(STORED DATA Opens)

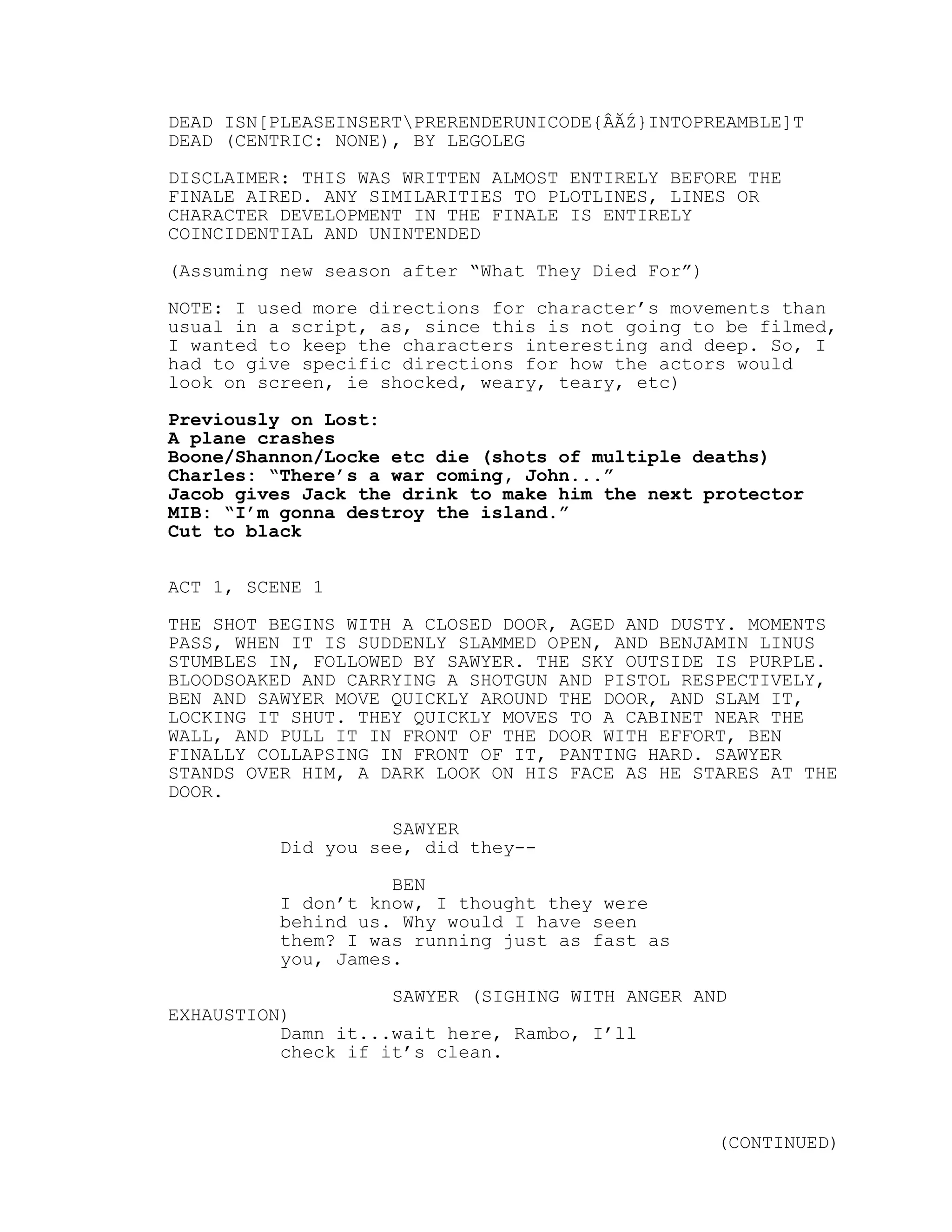 The document is a script for a potential new season of the TV show Lost. It begins with Ben and Sawyer barricading themselves in a house from an unknown pursuer. They find Eko dead inside. Later, Richard appears injured and claims the Man in Black attacked him. Sawyer punches Richard, blaming him for prior deaths. Ben then appears, saying the Man in Black has already won and will have Ben kill Kate to prove it. The script sets up further conflict between the survivors and the Man in Black.
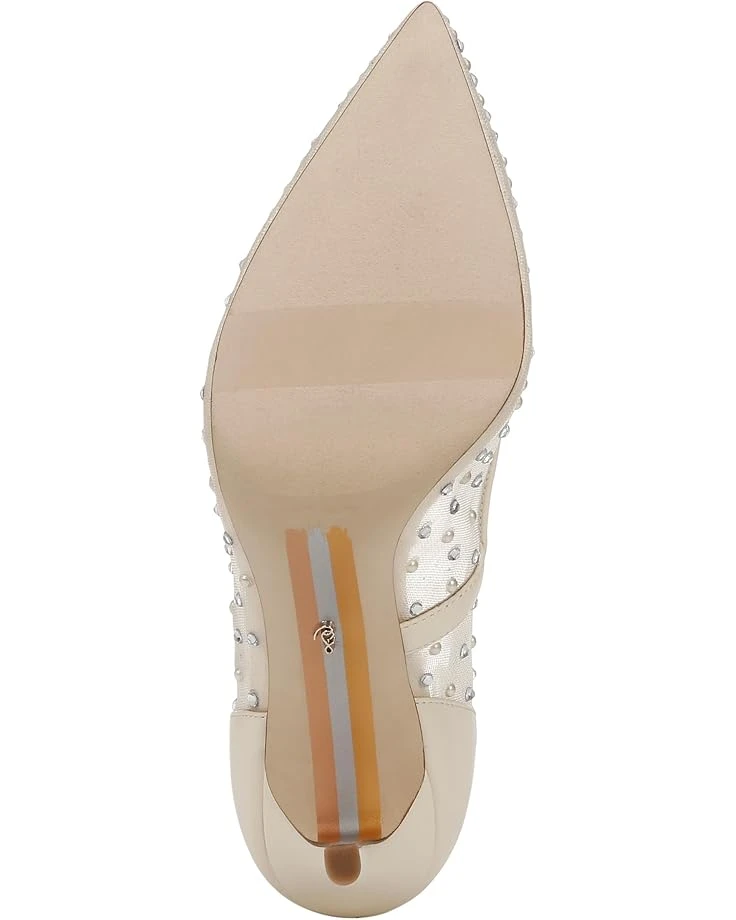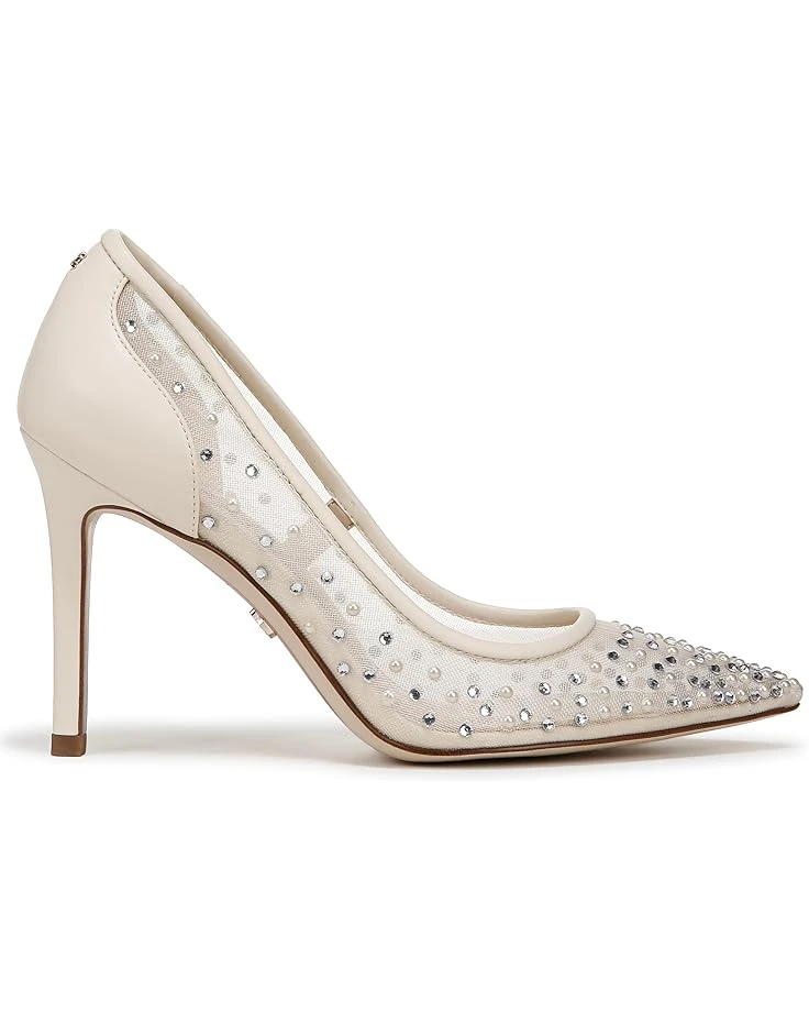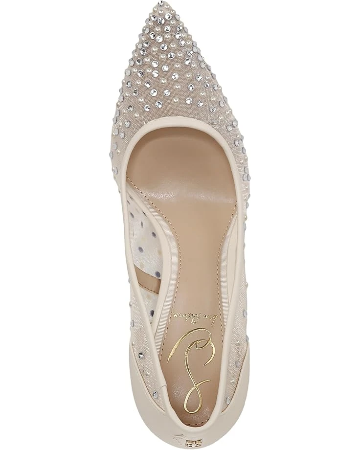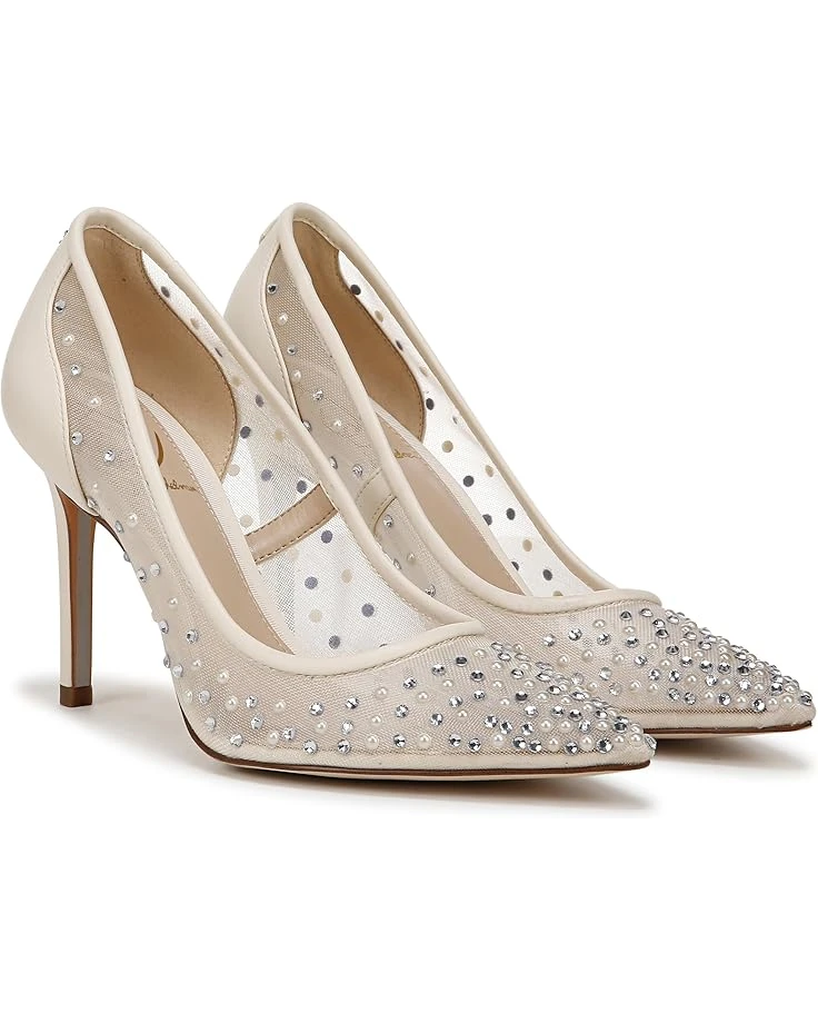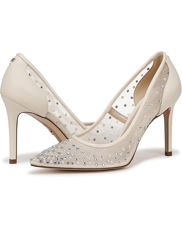 - The Sam Edelmanยฎ Hazel Mesh 2 Pumps give fresh twist to your look with its mesh upper and stunning crystal detailing. Add a pop of street-chic by pairing them with distressed jeans and a bold graphic tee. The slip-on style pumps feature a faux leather lining and insole. These are beautifully detailed with a stiletto heel and a pointed toe shape.
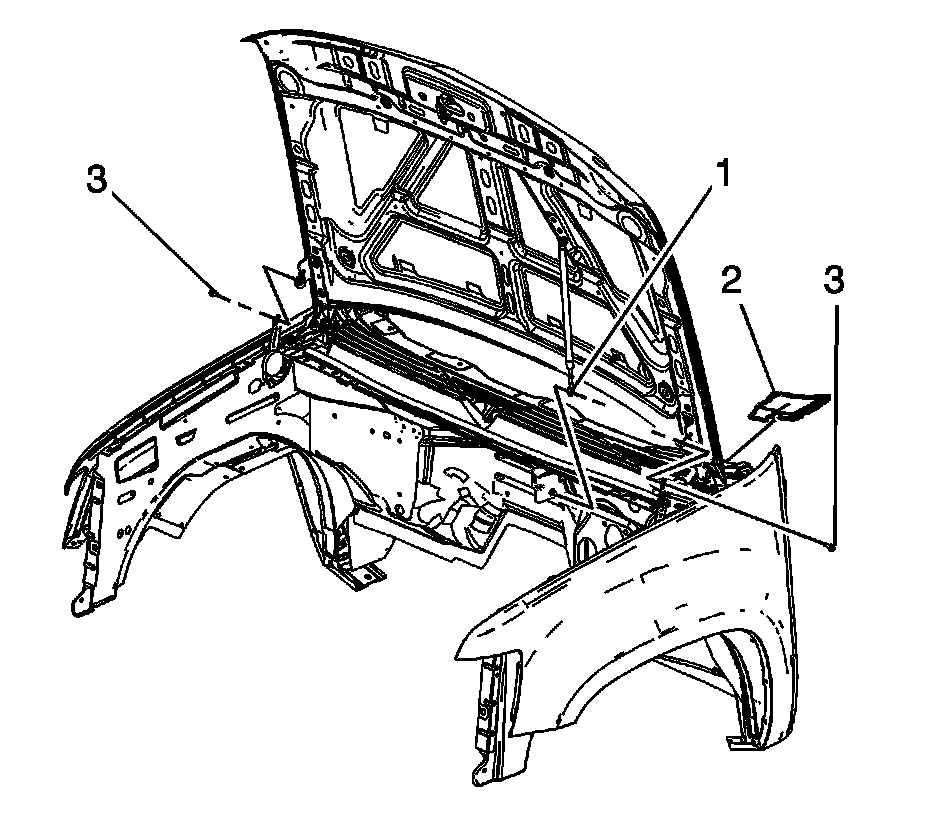 14. Remove the hood latch. Refer to Hood Primary and Secondary Latch Replacement .
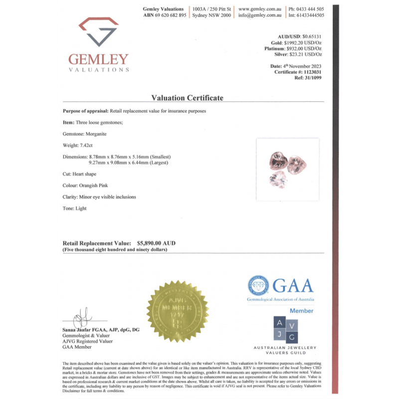 7.42CT TSW X 3, NATURAL MORGANITES

(STORED DATA Closes)

§ **ACTION ITEM**
Would you repeat the listing above exactly, minus the images?

§ **ANSWER TO THIS PROBLEM**
 The document is a script for a potential new season of the TV show Lost. It begins with Ben and Sawyer barricading themselves in a house from an unknown pursuer. They find Eko dead inside. Later, Richard appears injured and claims the Man in Black attacked him. Sawyer punches Richard, blaming him for prior deaths. Ben then appears, saying the Man in Black has already won and will have Ben kill Kate to prove it. The script sets up further conflict between the survivors and the Man in Black.
 - The Sam Edelmanยฎ Hazel Mesh 2 Pumps give fresh twist to your look with its mesh upper and stunning crystal detailing. Add a pop of street-chic by pairing them with distressed jeans and a bold graphic tee. The slip-on style pumps feature a faux leather lining and insole. These are beautifully detailed with a stiletto heel and a pointed toe shape.
 14. Remove the hood latch. Refer to Hood Primary and Secondary Latch Replacement .
 7.42CT TSW X 3, NATURAL MORGANITES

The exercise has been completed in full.